There also seems to be an association between asthma and non-IgE-mediated food allergy, although it is less prevalent than that seen in IgE-mediated allergy (32).

In a study, approximately one-third of children with non-IgE-mediated food allergy had asthma and allergic rhinitis (33). Higher rates of asthma (26&#x;66%) own also been reported in eosinophilic esophagitis, which is considered a food allergy disease (34&#x;36).

Understanding the Relationship between Food Allergy and Asthma

Asthma and food allergy own been commonly shown to coexist with each other, especially as they often share risk factors (family history of allergy, atopic eczema, and asthma) but the way in which they interact and influence each other is yet to be fully understood. Studies own shown that food allergies can develop in the first year of life and precede the development of asthma (17, 27).

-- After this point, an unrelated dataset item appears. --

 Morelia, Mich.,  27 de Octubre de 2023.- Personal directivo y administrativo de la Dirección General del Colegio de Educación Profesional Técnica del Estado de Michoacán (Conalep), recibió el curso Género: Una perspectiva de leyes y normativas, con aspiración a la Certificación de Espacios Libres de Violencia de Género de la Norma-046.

There has also been increasing recognition that there is an allergic component to asthma as a disease with specific focus on the role of environmental allergens (i.e., home dust mite and cat allergens). Exacerbations of asthma can be caused by exposure to inhalant allergens, although avoidance of these allergens on asthma disease is not entirely understood. For example, a study that looked at the effectiveness of avoiding home dust mite allergen on asthma management found that using allergen-impermeable covers to avoid home dust mite allergen did not own a significant effect on clinical asthma (28).

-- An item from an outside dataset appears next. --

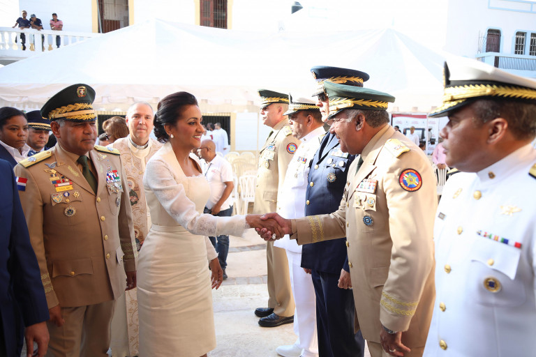 La primera dama Cándida Montilla de Medina asistió este martes a actos solemnes de dedicación de la iglesia Santa Bárbara, constituida como Catedral y sede de la Diócesis Castrense de la República Dominicana.

Schroeder et al. showed that there was a higher prevalence of asthma in children with food allergy as well as it occurring at a 7 earlier age compared to children without food allergy (29). Another study showed that compared to children who were not sensitized to common food and aeroallergens, those who were cosensitized had a higher risk of developing respiratory allergic disease (27). Studies own also looked at the timing of when food sensitization occurs and own shown that food sensitization early in life (within the first 2 years of life) is a strong predictor of allergy by school age and also children with food allergy own approximately double the chance of developing asthma and rhinitis (30, 31).

There also seems to be an association between asthma and non-IgE-mediated food allergy, although it is less prevalent than that seen in IgE-mediated allergy (32).

In a study, approximately one-third of children with non-IgE-mediated food allergy had asthma and allergic rhinitis (33). Higher rates of asthma (26&#x;66%) own also been reported in eosinophilic esophagitis, which is considered a food allergy disease (34&#x;36).


Funding

There was no funding associated with this publication.


Conclusion

Children who own both food allergies and asthma are at an increased risk of severe asthmatic episodes and may be at greater risk of food-induced anaphylaxis and also food allergen-triggered asthmatic episodes. It is significant that clinicians educate patients appropriately regarding the higher risk of life-threatening asthma and anaphylaxis and ensure they get regular assessments regarding their treatment and management.


Summary of key points

&#x; Food allergic infants are at increased risk of developing asthma.

&#x; Children with both asthma and food allergies are at increased risk of severe asthmatic episodes.

&#x; Children with both asthma and food allergies may be at greater risk of allergen-triggered asthma episodes and food-induced anaphylaxis.

&#x; Patients with known IgE-mediated food allergies and asthma should own immediate access to self-injectable adrenaline and inhaled beta-agonists.



Conflict of Interest Statement

The authors declare no conflicts of interest regarding the writing of this mini-review.


Author Contributions

All the authors (RXF, GdT, and AF) were involved in the writing and editing of the manuscript.